=== Collected material ===

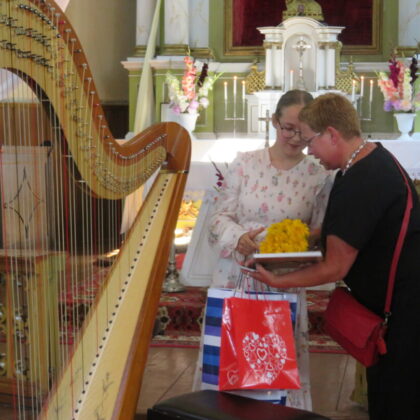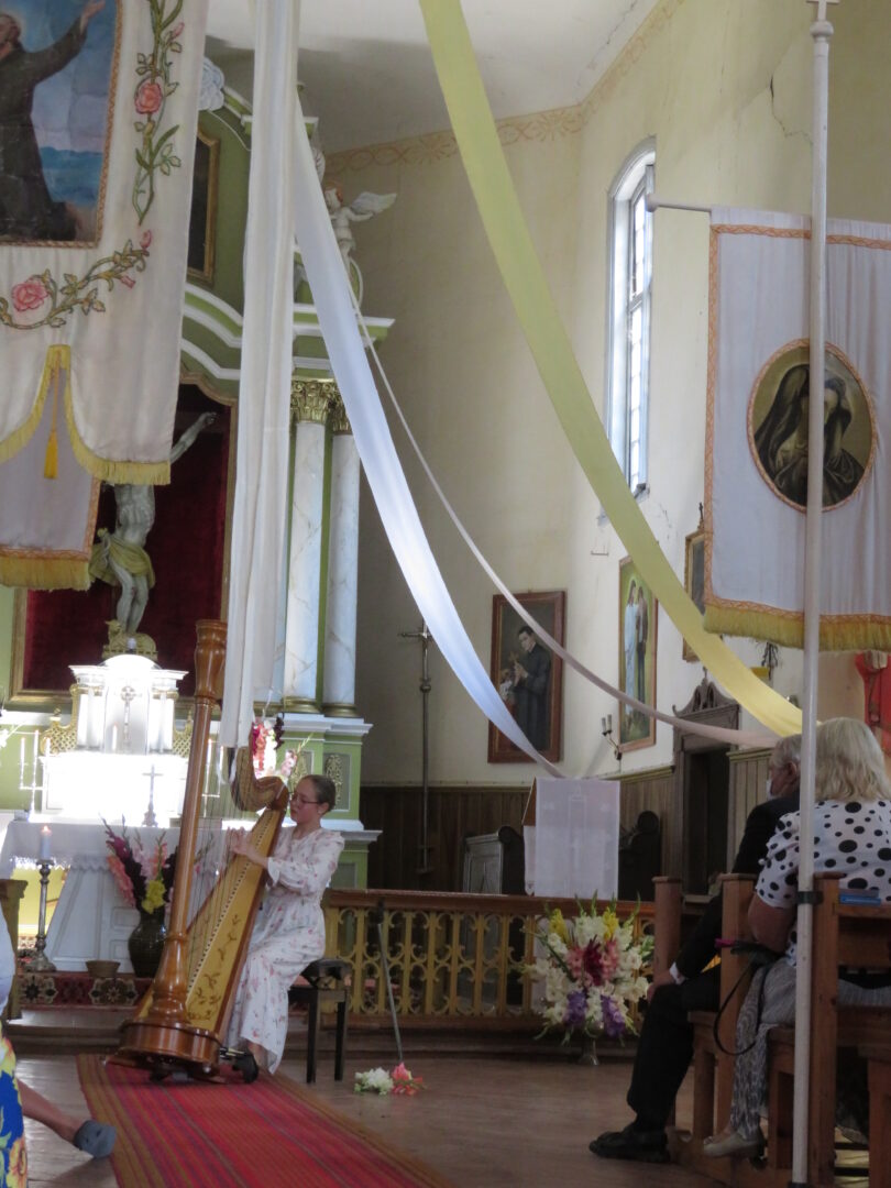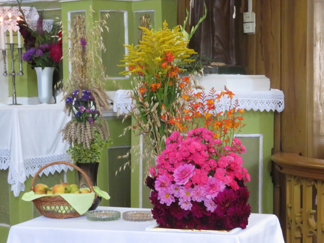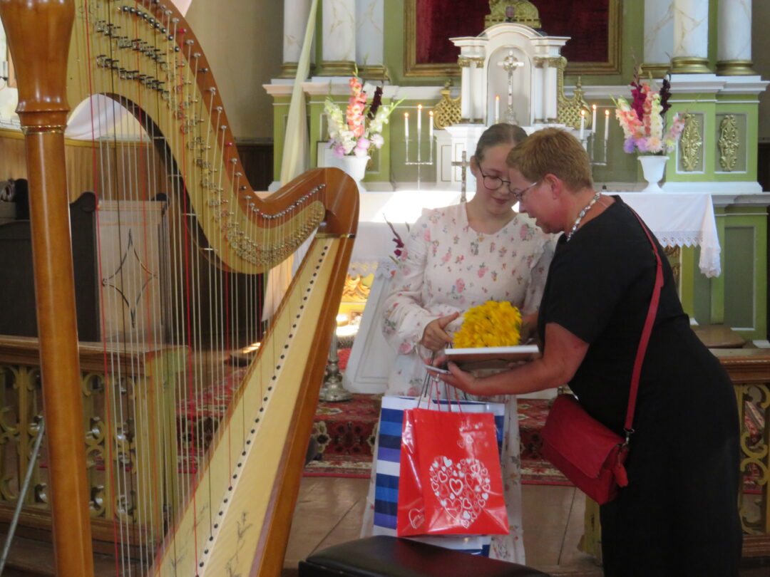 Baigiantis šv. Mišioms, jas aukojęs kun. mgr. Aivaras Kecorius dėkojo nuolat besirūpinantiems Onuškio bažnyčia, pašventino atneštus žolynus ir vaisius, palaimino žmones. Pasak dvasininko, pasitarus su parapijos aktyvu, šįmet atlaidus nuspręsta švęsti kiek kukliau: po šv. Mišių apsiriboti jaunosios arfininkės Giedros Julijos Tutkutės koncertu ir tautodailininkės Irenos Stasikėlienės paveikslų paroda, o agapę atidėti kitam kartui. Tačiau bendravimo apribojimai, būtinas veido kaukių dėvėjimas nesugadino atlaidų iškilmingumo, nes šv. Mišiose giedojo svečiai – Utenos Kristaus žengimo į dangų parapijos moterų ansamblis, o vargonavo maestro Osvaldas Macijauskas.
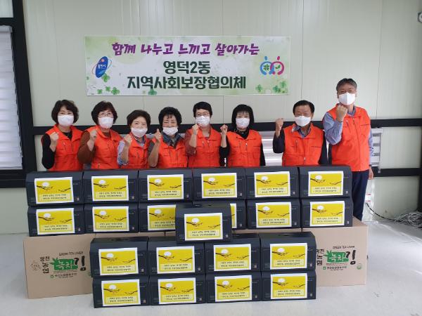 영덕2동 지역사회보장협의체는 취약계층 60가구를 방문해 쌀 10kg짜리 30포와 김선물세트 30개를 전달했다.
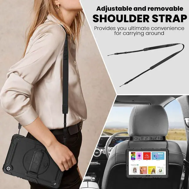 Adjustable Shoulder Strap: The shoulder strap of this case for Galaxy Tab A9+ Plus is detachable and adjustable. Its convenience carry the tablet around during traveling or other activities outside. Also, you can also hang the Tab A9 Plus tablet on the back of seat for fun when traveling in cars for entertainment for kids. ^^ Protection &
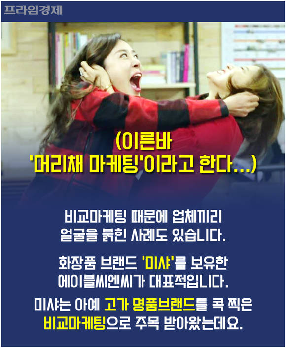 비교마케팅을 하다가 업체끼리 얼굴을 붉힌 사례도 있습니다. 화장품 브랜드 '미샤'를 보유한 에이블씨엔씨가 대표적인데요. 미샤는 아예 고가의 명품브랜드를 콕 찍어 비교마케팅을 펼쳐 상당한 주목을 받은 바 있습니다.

===

§ **What you should do**
Reprint the listing above exactly, without images.

§ **Solution to this task**
 Baigiantis šv. Mišioms, jas aukojęs kun. mgr. Aivaras Kecorius dėkojo nuolat besirūpinantiems Onuškio bažnyčia, pašventino atneštus žolynus ir vaisius, palaimino žmones. Pasak dvasininko, pasitarus su parapijos aktyvu, šįmet atlaidus nuspręsta švęsti kiek kukliau: po šv. Mišių apsiriboti jaunosios arfininkės Giedros Julijos Tutkutės koncertu ir tautodailininkės Irenos Stasikėlienės paveikslų paroda, o agapę atidėti kitam kartui. Tačiau bendravimo apribojimai, būtinas veido kaukių dėvėjimas nesugadino atlaidų iškilmingumo, nes šv. Mišiose giedojo svečiai – Utenos Kristaus žengimo į dangų parapijos moterų ansamblis, o vargonavo maestro Osvaldas Macijauskas.
 영덕2동 지역사회보장협의체는 취약계층 60가구를 방문해 쌀 10kg짜리 30포와 김선물세트 30개를 전달했다.
 Adjustable Shoulder Strap: The shoulder strap of this case for Galaxy Tab A9+ Plus is detachable and adjustable. Its convenience carry the tablet around during traveling or other activities outside. Also, you can also hang the Tab A9 Plus tablet on the back of seat for fun when traveling in cars for entertainment for kids. ^^ Protection &
 비교마케팅을 하다가 업체끼리 얼굴을 붉힌 사례도 있습니다. 화장품 브랜드 '미샤'를 보유한 에이블씨엔씨가 대표적인데요. 미샤는 아예 고가의 명품브랜드를 콕 찍어 비교마케팅을 펼쳐 상당한 주목을 받은 바 있습니다.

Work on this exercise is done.